Wednesday, February 24, 2021
On Post Traumatic Stress, marriages, and two truly awesome books
Jen's
book is the other half, on what living with someone with PTSD is like,
and the toll it takes from the dependent's view. It's also exactly what
is says - an arsenal of many different treatments, therapies,
approaches, and the cheerful, rueful note that none of them are a silver
bullet. Some don't work at any given time but work well later, some
work and then lose their effectiveness, some will never work for any
particular case. It's an honest, raw look at all the ways that things
get messed up between spouses, and that there's been a lot of pain, and
depression on her end, as living with rampant PTSD is depressing! About
how to treat yourself, and the importance of putting your own oxygen
mask on first, and helping yourself so you can be a help to your
partner.
If I had to distill them down to
quips, Tom's book is "This shit hits even the toughest of us. You're not
weak, you're injured, and there's hope to heal." And Jen's? "Here's
how, for both of you."
Calmer Half has
shown less than zero interest in reading the books. On the other hand,
he's willing to talk to me when I want to chew over things they've
brought up aloud. Sometimes his responses were practically cryptic, like
when I mentioned Tom's description of Mogadishu (which Calmer Half said
with a dryness that could mummify at ten paces "Yes, that is a very
understated description of urban combat all over Africa." He was quiet
for a moment, then added, "You never forget that smell.")
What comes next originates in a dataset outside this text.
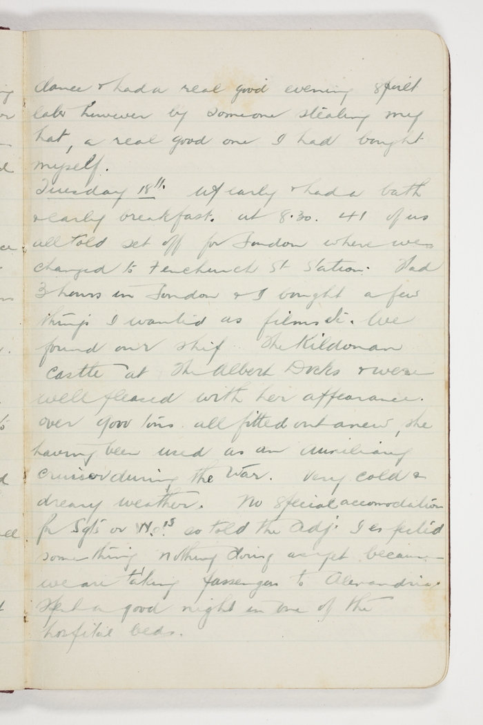Tuesday 18th Up early & had a bath & early breakfast. At 8.30. 41 of us all told set off for London where we changed to Fenchurch St. Station. Had 3 hours in London & I bought a few things I wanted as films etc. We found our ship the Kildonan Castle at the Albert Docks & were well pleased with her appearance over 9000 tons all fitted out anew, she having been used as an auxiliary cruiser during the War. Very cold and dreary weather. No special accommodation for Sgts or W.O.'s so told the Adj. I expected something. Nothing doing as yet because we are taking passengers to Alexandria . Spent a good night on one of the hospital beds.
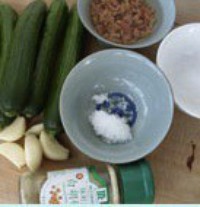 将荷兰小瓜洗净,切成稍候一点的片,大蒜用刀拍破,去蒜皮,切成蒜粒

... yeah, not asking him to clarify that.
Sometimes
the responses were quite eloquent. And sometimes they were a revelation
to both of us, because he thought I already understood.
Let
me explain here that Calmer Half is not an American combat vet. He's
British South African, so his military was different, his wars were ones
our media didn't talk about, and even more importantly, his country did
not have a military dependent culture, not like the USA does. When he
got back from his first combat against the Angolans, Cubans, East
Germans, and Soviets, his dad finally started to tell him some of what
he'd seen in WWII. He finished it with "don't say anything to your mum
or your sisters. They wouldn't understand, and it would only upset the
ladies."
And he kept that stiff upper lip
for years, through round after round of combat, on through the struggle
to end apartheid, through the fights with communist tsostis and jihadis
fresh back from fighting Russians in Afghanistan and each trying to take
over the townships and destabilize the country so they could be in
control... all the way through 18 years of undeclared civil war. Any
tentative attempt to explain to the ladies there was met with
incomprehension to outright hostility, so he just bottled it up.
I,
meanwhile, grew up with a dad in the military, in a family that is full
of expats, engineers, and career military. My family's been army so
long we use the working saber with the nicks from vertebrae still in the
edge to cut our wedding cakes, because we lost the dress saber
generations ago. My brother went career military. Me, when I was asked
what I wanted to be when I grew up, I folded my arms and spat defiantly
at the teacher, "a civilian!" (Apparently I was the only one who didn't
see marriage to a combat vet coming from years off. Dad was highly
amused, and their first phone call promptly veered into words like "Vela
Incident" and "mustang" and "The second lieutenant had A Bright Idea"
and "sweating cordite." They get along great, even if their acronyms and
uniforms don't match.)
This also means
I've grown up with a great many coping mechanisms for 'battle fatigue'
built in, and an understanding that "Oh, that's just my soldier. You
don't have to understand why or what set that off, you just have to know
it will and love 'em anyway." Some of which I didn't even understand
were coping mechanisms, because they're just the way you do things.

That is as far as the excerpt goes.